In November 2015, Colin Francis supported 50 Cent as his opening act for a three city UK Tour.

Biography 
Based in London, Colin Francis plays weekly in London's West End Clubs, as well as regular events in Essex and across the UK such as for Lavish and Unique Parties. During the summer he hosts and DJs at various venues in the UK and Marbella.

Colin also performed in V Festival 2015's Lovejuice VIP Area alongside Sammy Porter and Tinie Tempah's DJ Charlesy.

Education and background 
During his early career Colin went to UEL and obtained a B.A (hons) Degree in Economics and Politics. While studying for his degree, Colin was working in promotions and marketing at RCA/BMG record company to gain experience within the Music Industry. During the holidays he supports the local community/youth centres teaching young people how to DJ.

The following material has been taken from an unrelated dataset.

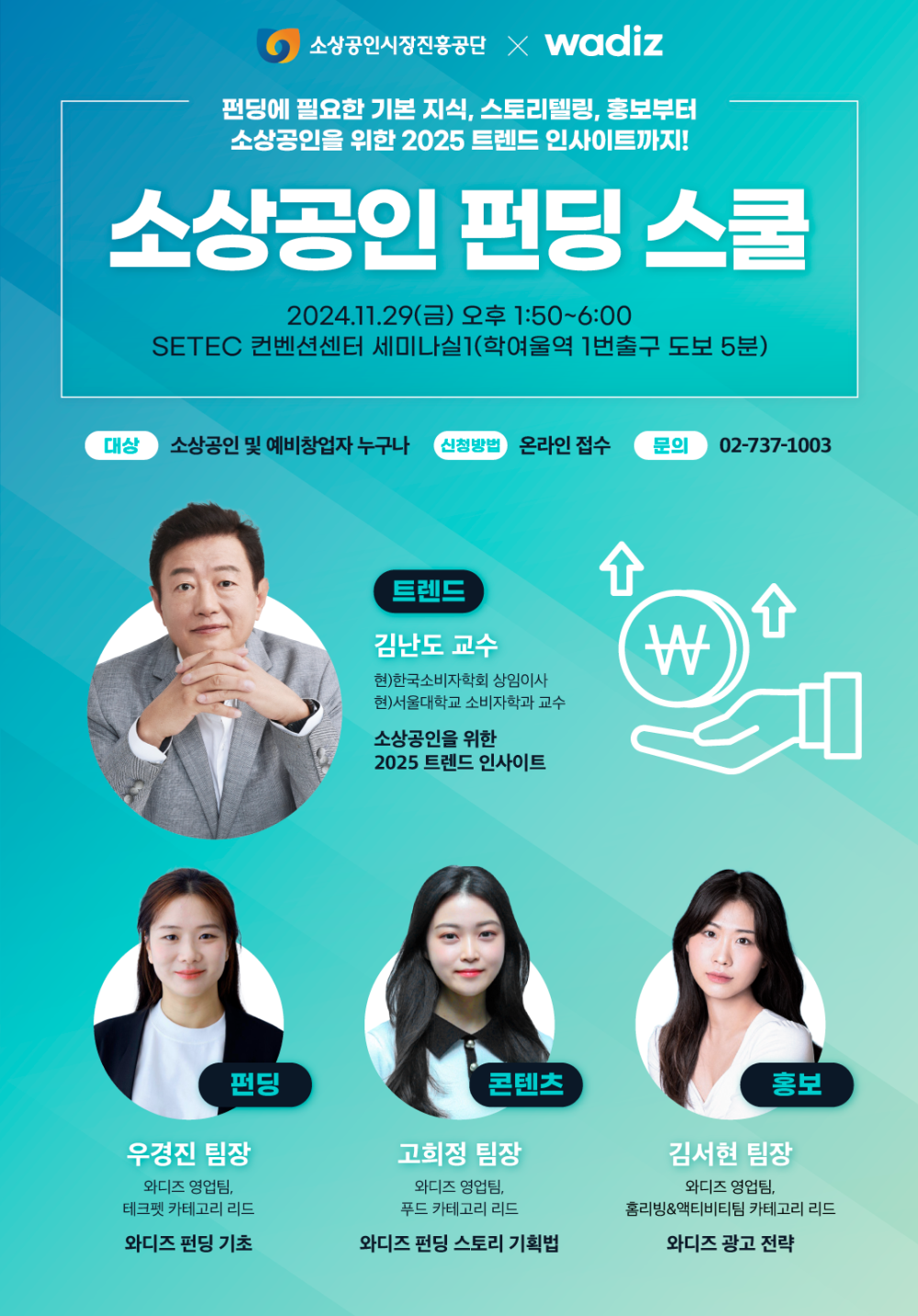 지금 바로 신청해서 와디즈 펀딩 노하우 & 2025 트렌드도 발빠르게 파악해 보세요.

Colin rose to fame through regular performances and also to the success of his mix compilations, "No Carbs Before Marbs", and "50 Shades of Summer" which laid the foundation for his future collaborative releases with Ministry of Sound and the establishment of the Colin Francis Project.

Ministry of Sound 
In 2013 Colin Francis signed a distribution deal with Ministry of Sound and he produced/compiled/mixed the nationally advertised No.1 Compilation Album "MARBELLA SESSIONS 2013" a compilation of the year's hottest summer party anthems, including many original mixes, exclusive recordings, and some of Colin's own musical projects. The album was No.1 on the iTunes Chart for 5 weeks, and became Ministry of Sound's biggest-ever Week 1 digital sales album. Building on the Marbella Sessions 2013 success, Colin has gone on to release two more annual Marbella Sessions compilation albums.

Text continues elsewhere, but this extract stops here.